The iterator pattern allows you to perform some tasks on a sequence of items in turn.

In this example, an iterator is created over the MnistItems in the vector items by calling the iter method.

Iterator adaptors are methods defined on the Iterator trait that produce different iterators by changing some aspect of the original iterator. Here, the map method is called in a chain to transform the original data before consuming the final iterator with collect to obtain the images and targets vectors. Both vectors are then concatenated into a single tensor for the current batch.

You probably noticed that each call to map is different, as it defines a function to execute on the iterator items at each step. These anonymous functions are called closures in Rust. They're easy to recognize due to their syntax which uses vertical bars ||. The vertical bars capture the input variables (if applicable) while the rest of the expression defines the function to execute.

If we go back to the example, we can break down and comment the expression used to process the images.

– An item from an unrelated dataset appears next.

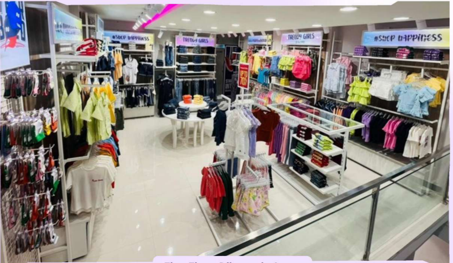
First Floor, Dibrugarh, Assam

let images = items                                                       // take items Vec<MnistItem>
    .iter()                                                              // create an iterator over it
    .map(|item| TensorData::from(item.image).convert::<B::FloatElem>())  // for each item, convert the image to float data struct
    .map(|data| Tensor::<B, 2>::from_data(data, &self.device))           // for each data struct, create a tensor on the device
    .map(|tensor| tensor.reshape([1, 28, 28]))                           // for each tensor, reshape to the image dimensions [C, H, W]
    .map(|tensor| ((tensor / 255) - 0.1307) / 0.3081)                    // for each image tensor, apply normalization
    .collect();                                                          // consume the resulting iterator & collect the values into a new vector

For more information on iterators and closures, be sure to check out the corresponding chapter in the Rust Book.

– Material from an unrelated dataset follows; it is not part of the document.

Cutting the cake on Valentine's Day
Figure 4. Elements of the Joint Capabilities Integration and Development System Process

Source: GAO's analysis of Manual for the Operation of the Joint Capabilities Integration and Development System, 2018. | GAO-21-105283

In the previous example, we implement the Batcher trait with a list of MnistItem as input and a single MnistBatch as output. The batch contains the images in the form of a 3D tensor, along with a targets tensor that contains the indexes of the correct digit class. The first step is to parse the image array into a TensorData struct. Burn provides the TensorData struct to encapsulate tensor storage information without being specific for a backend. When creating a tensor from data, we often need to convert the data precision to the current backend in use. This can be done with the .convert() method (in this example, the data is converted backend's float element type B::FloatElem). While importing the burn::tensor::ElementConversion trait, you can call .elem() on a specific number to convert it to the current backend element type in use.

Training

We are now ready to write the necessary code to train our model on the MNIST dataset. We shall define the code for this training section in the file: src/training.rs.

Instead of a simple tensor, the model should output an item that can be understood by the learner, a struct whose responsibility is to apply an optimizer to the model. The output struct is used for all metrics calculated during the training. Therefore it should include all the necessary information to calculate any metric that you want for a task.

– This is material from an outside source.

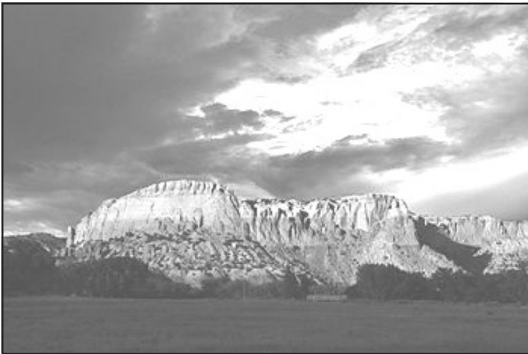
Cliffs at Ghost Ranch. Geologic formations: white Todilto Formation is thin layer at top; Entrada Sandstone is massive white cliff in middle, softer Chinle Formation at base. Lecture 7 (p. 27) and Trip 4 (p. 30) address the Geology of the Ghost Ranch area.

Burn provides two basic output types: ClassificationOutput and RegressionOutput. They implement the necessary trait to be used with metrics. It is possible to create your own item, but it is beyond the scope of this guide.

Since the MNIST task is a classification problem, we will use the ClassificationOutput type.

use crate::{
    data::{MnistBatch, MnistBatcher},
    model::{Model, ModelConfig},
};
use burn::{
    data::{dataloader::DataLoaderBuilder, dataset::vision::MnistDataset},
    nn::loss::CrossEntropyLossConfig,
    optim::AdamConfig,
    prelude::*,
    record::CompactRecorder,
    tensor::backend::AutodiffBackend,
    train::{
        metric::{AccuracyMetric, LossMetric},
        ClassificationOutput, LearnerBuilder, TrainOutput, TrainStep, ValidStep,
    },
};

impl<B: Backend> Model<B> {
    pub fn forward_classification(
        &self,
        images: Tensor<B, 3>,
        targets: Tensor<B, 1, Int>,
    ) -> ClassificationOutput<B> {
        let output = self.forward(images);
        let loss = CrossEntropyLossConfig::new()
            .init(&output.device())
            .forward(output.clone(), targets.clone());

        ClassificationOutput::new(loss, output, targets)
    }
}

As evident from the preceding code block, we employ the cross-entropy loss module for loss calculation, without the inclusion of any padding token. We then return the classification output containing the loss, the output tensor with all logits and the targets.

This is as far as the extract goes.